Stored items
───

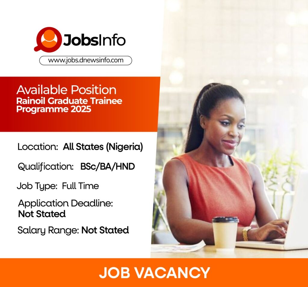 Rainoil is inviting applications from young, ambitious Nigerian graduates for its 2025/2026 Graduate Trainee Programme. This initiative is designed to groom high-performing individuals into future business leaders through structured learning, hands-on experience, and exposure to real-world challenges in a dynamic and innovative environment.
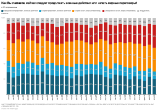 Вапреле 2025 года «за» продолжение военных действий высказались 30% россиян— минимальная доля сначала вторжения вУкраину,показал опрос «Левада-центра». Посравнению уровнями годичной давности провоенно настроенных граждан стало меньше на9 процентных пунктов,аесли сравнивать смартом 2022 года— на14 п.п.
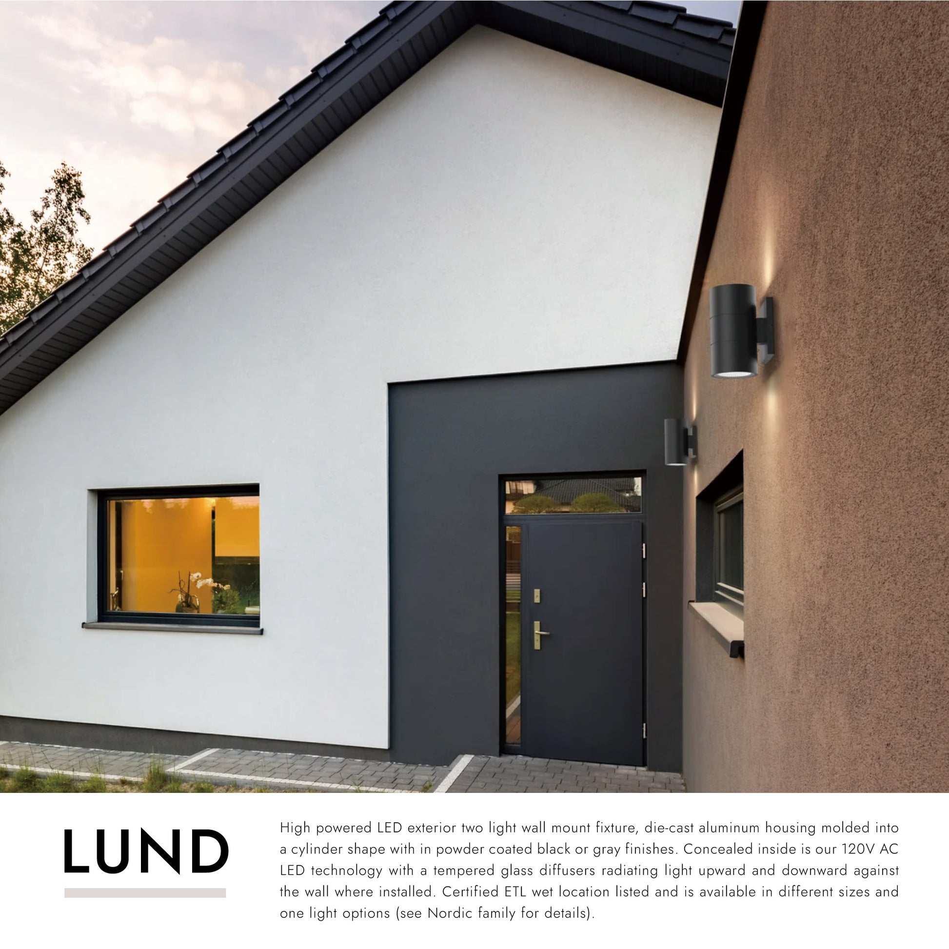 High powered LED exterior two light wall mount fixture, die-cast aluminum housing molded into a cylinder shape with in powder coated black or gray finishes. Concealed inside is our 120V AC LED technology with a tempered glass diffusers radiating light upward and downward against the wall where installed. Certified ETL wet location listed and is available in different sizes and one light options (see Nordic family for details).
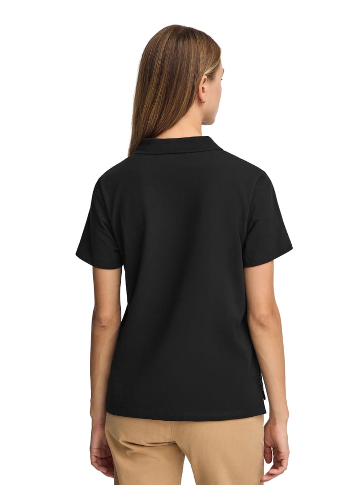 Женская поло-рубашка с короткими рукавами и прямым кроем, с тремя пуговицами на воротнике. Изготовлена из хлопкового пике. Контрастный логотип делает ее вневременной базовой вещью.
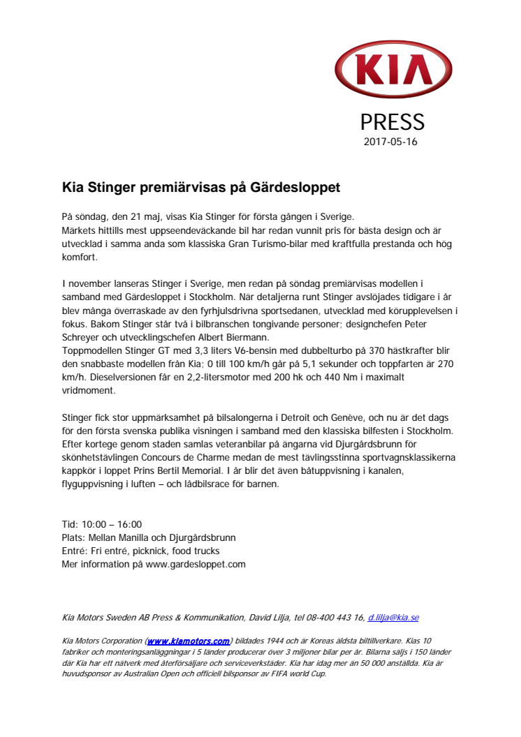 På söndag, den 21 maj, visas Kia Stinger för första gången i Sverige i samband med Gärdesloppet i Stockholm.

───

* Assignment: Your reply should hold only the records, duplicated exactly, without any image.

* Exercise result:
 Rainoil is inviting applications from young, ambitious Nigerian graduates for its 2025/2026 Graduate Trainee Programme. This initiative is designed to groom high-performing individuals into future business leaders through structured learning, hands-on experience, and exposure to real-world challenges in a dynamic and innovative environment.
 Вапреле 2025 года «за» продолжение военных действий высказались 30% россиян— минимальная доля сначала вторжения вУкраину,показал опрос «Левада-центра». Посравнению уровнями годичной давности провоенно настроенных граждан стало меньше на9 процентных пунктов,аесли сравнивать смартом 2022 года— на14 п.п.
 High powered LED exterior two light wall mount fixture, die-cast aluminum housing molded into a cylinder shape with in powder coated black or gray finishes. Concealed inside is our 120V AC LED technology with a tempered glass diffusers radiating light upward and downward against the wall where installed. Certified ETL wet location listed and is available in different sizes and one light options (see Nordic family for details).
 Женская поло-рубашка с короткими рукавами и прямым кроем, с тремя пуговицами на воротнике. Изготовлена из хлопкового пике. Контрастный логотип делает ее вневременной базовой вещью.
 På söndag, den 21 maj, visas Kia Stinger för första gången i Sverige i samband med Gärdesloppet i Stockholm.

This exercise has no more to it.